Species were segregated in deep and shallow divers, considering deep divers as those species known to forage at depths deeper than 500 m (Physeter, Ziphius, Mesoplodon, Globicephala, and Grampus); all others (Stenella spp.) were considered shallow divers48. To select the animals included in this study, the presence/absence of lung fat emboli was previously evaluated for animals whose pathological findings made them suspect of having lung fat emboli (i.e., those that have been struck by vessels or those presenting a gas embolic syndrome)18,21. Lung fat emboli were positive for three Z. cavirostris (Cuvier’s beaked whales) presenting gas embolic syndrome, and two P. macrocephalus (sperm whales) involved in ship strikes. Control (negative to lung fat emboli) animals were also included for both species (two controls per species) (Table 1). Animals negative for fat embolism from other species were also included in the study to assess lung lipid composition across species and diving profiles: Mesoplodon densirostris (Blainville’s beaked whale) (n = 3), Globicephala macrorhynchus (short-finned pilot whale) (n = 3), Grampus griseus (Risso´s dolphin) (n = 2), Stenella coeruleoalba (n = 4), and Stenella frontalis (Atlantic spotted dolphin) (n = 4) (Table 1).

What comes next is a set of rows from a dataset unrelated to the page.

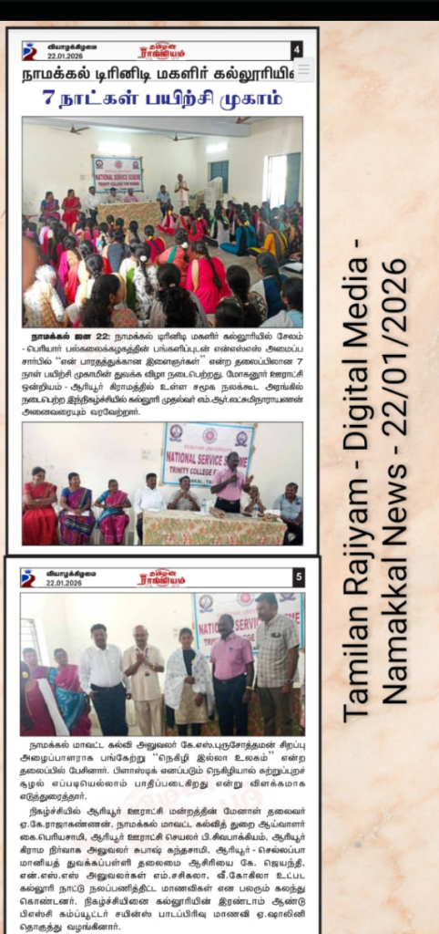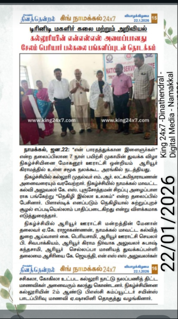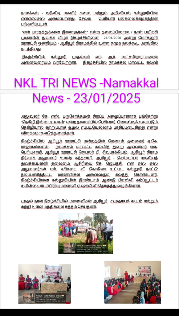 NSS SPECIAL CAMP REPORT AT THE VILLAGES OF ARIYUR & NEIKKARANPATTI
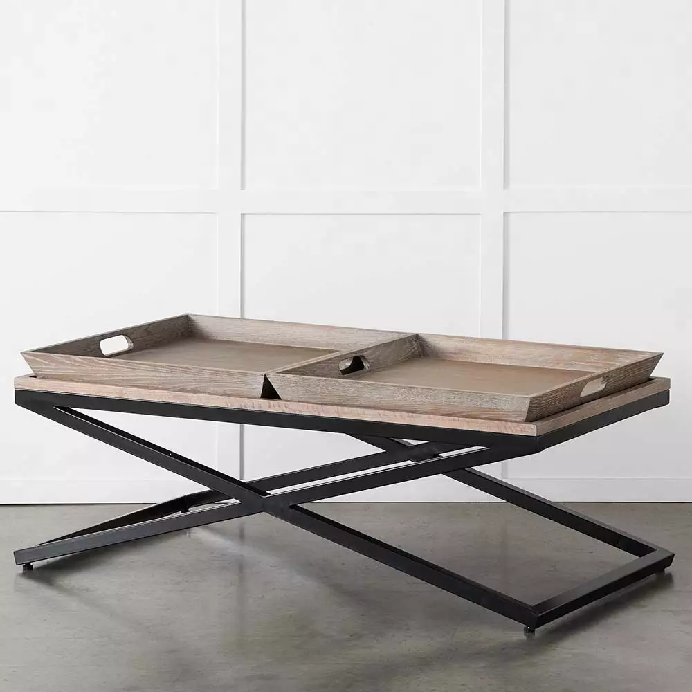 The Oleg coffee table with its crossed metal legs and rectangular top with the two square trays on the top is a welcome addition to our range of coffee tables. Constructed from oak and black metal legs it will fit easily into a contemporary home but at the same time with its soft oak colour, into a more traditional environment.
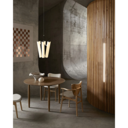 Oku-pöytälevy on valmistettu FSC-sertifioidusta tammiviilusta, jonka pyöristetyt reunat lisäävät hienostuneisuuden vaikutelmaa. Yksinkertaisen kaunis pöytä korostaa materiaaliaan.
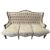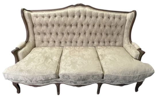A large French Louis XV style 19th century button back three seater sofa/settee. Solid carved walnut frame with reeded borders and carved foliate legs. Button back rest with drop-in cushioned seat in damask upholstery fabric.
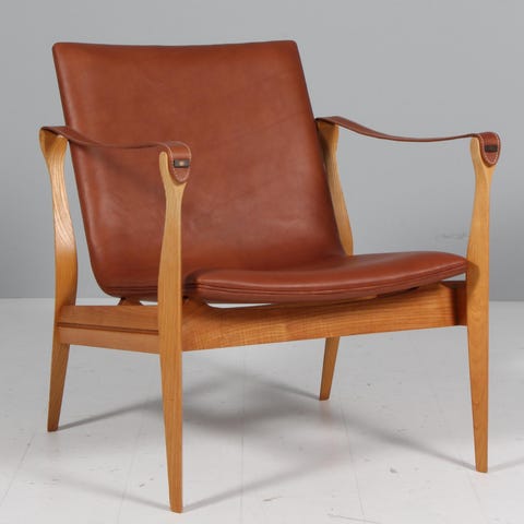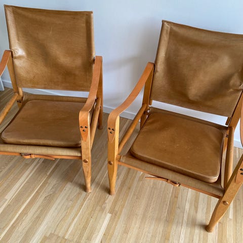 2 stk Safaristole fra Karen og Ebbe Clemmensen med læder og stel i ask. Fremstillet hos Fritz Hansen.
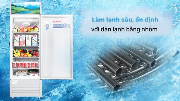 Tủ mát Sanaky được thiết kế với dàn lạnh làm bằng ống nhôm cho hiệu suất dẫn khí tốt giúp các ngăn tủ được giữ lạnh trong một khoảng thời gian dài. Nhờ vậy, thực phẩm được bảo quản lâu dài mà vẫn tươi ngon.
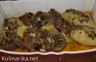 domov » foto albumi » album: Kosilo je na krožniku » Pečen krompir s korenčkom in čebulo, jagenjček
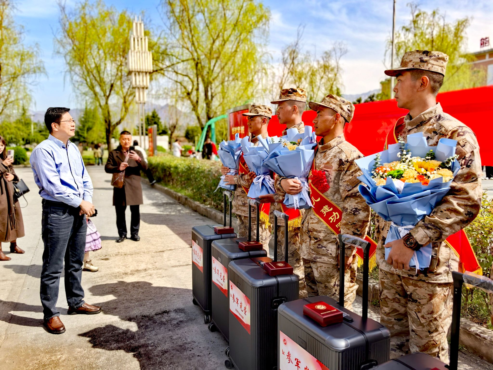 仪式现场,学校为每位入伍学生送上了精心准备的行李箱、纪念胸章、鲜花“青春报国三件礼”,6名学子庄严敬礼。仪式结束后,在场教师、家长、入伍学生进行合影留念,并与入伍学生挥手告别。
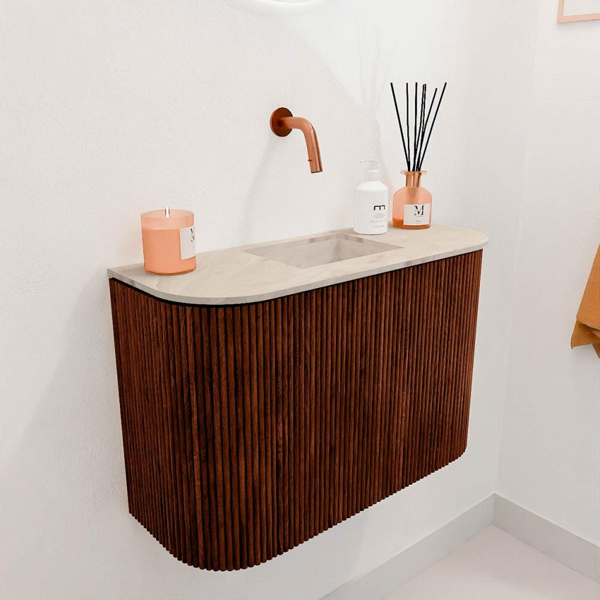 Met dit prachtige meubel geef je jouw badkamer of gastentoilet direct een stijlvolle en warme uitstraling. Het compacte ontwerp met een breedte van 63,2 cm en een diepte van slechts 24,5 cm maakt het ideaal voor kleinere ruimtes waar je toch niet wilt inleveren op comfort en design. De subtiele rondingen aan beide zijden zorgen voor een zachte, uitnodigende look die perfect samengaat met de rijke ruby kleur van het meubel. De wastafel in de kleur Frappe, centraal geplaatst zonder kraangat, biedt je de vrijheid om zelf de kraan te kiezen die het beste bij jouw stijl past. Dit meubel transformeert jouw ruimte in een plek waar functionaliteit en elegantie hand in hand gaan, en waar je elke dag met plezier begint en eindigt.
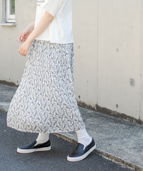 ピュアルセシン 2021 Spring collection 【Effortless garden】 ピュアルらしさでもある天然繊維の素材感、丁寧な生活の中に取り入れてほしい着心地 心弾むファッションを続けていけるように地球の恵みをテーマに変わりゆく時代にあったSSの提案 ◇イージーな着心地なのに一枚でサマになる!上品な大人の花柄プリーツスカート◇ 花柄プリントのプリーツスカートがWEB限定で登場。 細かいプリーツで落ち感のある生地の為、分量感がありながらも 横に広がることなく、すっきりとしたシルエットを演出し 甘くなりすぎないスカートに仕上げました。 ホワイト×ブラックの花柄配色が大人可愛いポイント。 トップスにベーシックなカラーを合わせても華やかさが残り、 カラーアイテムを持ってきても、纏まり感があるコーディネートが可能です。 ウエストは総ゴムなので、リラックス感のある履き心地も魅力。 身体に沿うシルエットですが、ボディラインを拾わず上品に着ていただけます。 初春はニットやスウェットを合わせて、 春夏にはカットソーを合わせてとロングシーズン着用していただけます。 カジュアルから上品なきれいめコーデまで、マルチにこなすスカートです。 ・シーズンレスで着回し力抜群 ・大人の女性が楽しめる細かい配色花柄 ・歩くたびに揺れる細かいプリーツがフェミニンな印象 ・トレンド感のある着こなしから、ベーシックな着こなしも◎ ============================== 透け感:なし(ブラック)/ややあり(ホワイト) 裏地:ホワイトのみあり (ブラックは裏地なし) 伸縮性:なし 光沢感:ややあり 生地の厚さ:薄手 洗濯:手洗い可能 【スタッフコメント】 年齢:30代後半/身長:155cm/普段着用サイズ:Mサイズ サイズ感: ウエストは総ゴムなので窮屈感はありません。 ひざ下丈ですが、足首は見えるため引き摺る事無く履くことが出来ました。 Iラインシルエットですが、 身体のラインを拾わないので、体型を気にせずに楽しめそうです。 素材感: 肌当たりは滑らかでチクチクする感じはありません。 薄手ではありますが、透け感は強くなく、 シワも気にせずに履けるのでデイリーに活躍してくれそうです。 ============================== ※撮影場所やお使いのモニター環境により若干お色味が異なる場合がございます。特にロケの撮影では明るく見える傾向にございます。 ※予約商品はサンプルで撮影をしております。若干の仕様が変更になる場合がございますので予めご了承の上ご注文くださいますようお願いいたします。
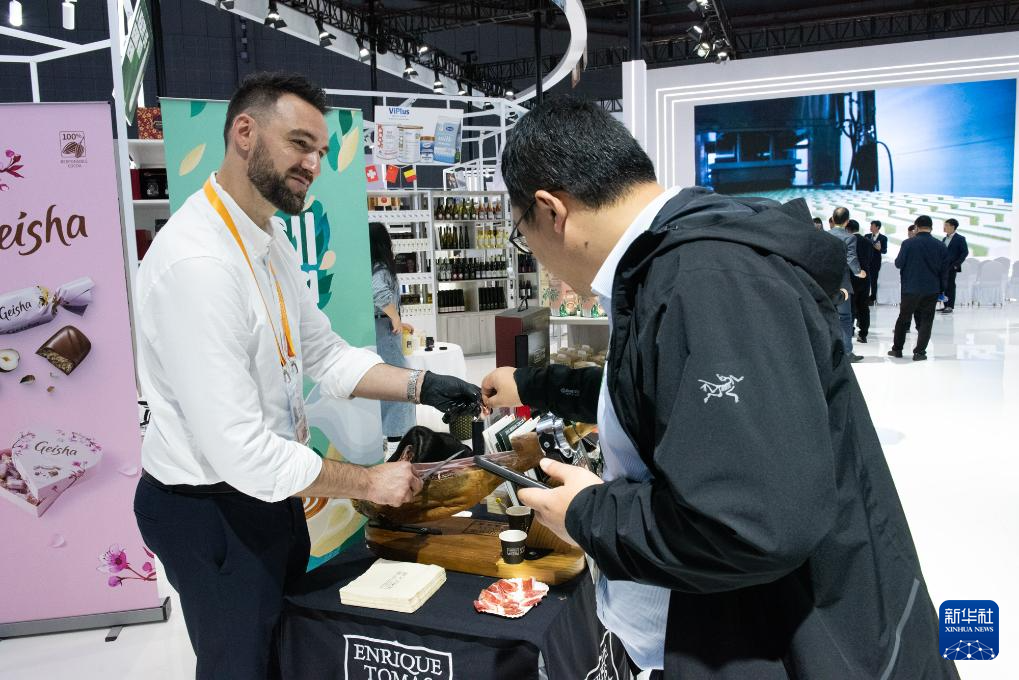 11月5日,参展商(左)在第七届进博会食品及农产品展区介绍西班牙火腿。
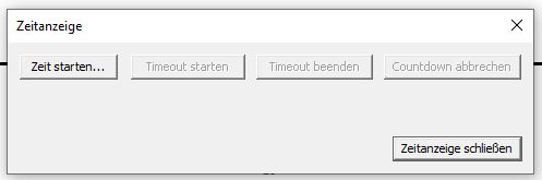 Die Zeitanzeige wird über den Menübefehl 'Spezial->Zeitanzeige öffnen' geöffnet. Sie dient dazu, die noch verbleibende Zeit bis zu einem bestimmten Zeitpunkt (z.B. Spielende, Halbzeit) in Form eines Countdowns anzuzeigen. Außerdem wird bei Zeitablauf ein akustisches Signal ausgegeben.

Lipid extraction and analysis

Total lipids were extracted from the lung samples using a modified Folch procedure49,50 and reported as percent wet weight (wt%). Three replicates were analysed for each individual.

TLC–FID analysis

The main lipid classes in each of the lungs were identified and quantified by thin-layer chromatography with a flame ionization detector (TLC–FID) (Iatroscan MK-6s; Iatron Laboratories, Inc.: Tokyo, Japan). Samples were spotted on chromarods and developed in 94/6/1 hexane/ethyl acetate/ formic acid. Lipid classes were identified through the use of lipid class standards (Nu Chek Prep, Elysian, MN, USA), and quantified as % of total lipid mass (wt%) using a computer software Peak Simple (Peaksimple 3.29, SRI Instruments, Torrance, CA, USA). This analysis provided data on basic lipid classes: triacylglycerols, free fatty acids, cholesterol, and phospholipids. With TLC–FID, wax esters and sterol esters co-elute and thus, cannot be distinguished from one another.

HPTLC polar lipids

The lungs of two representative animals of each species (negative to fat embolism) were studied using high-performance thin-layer chromatography (HPTLC).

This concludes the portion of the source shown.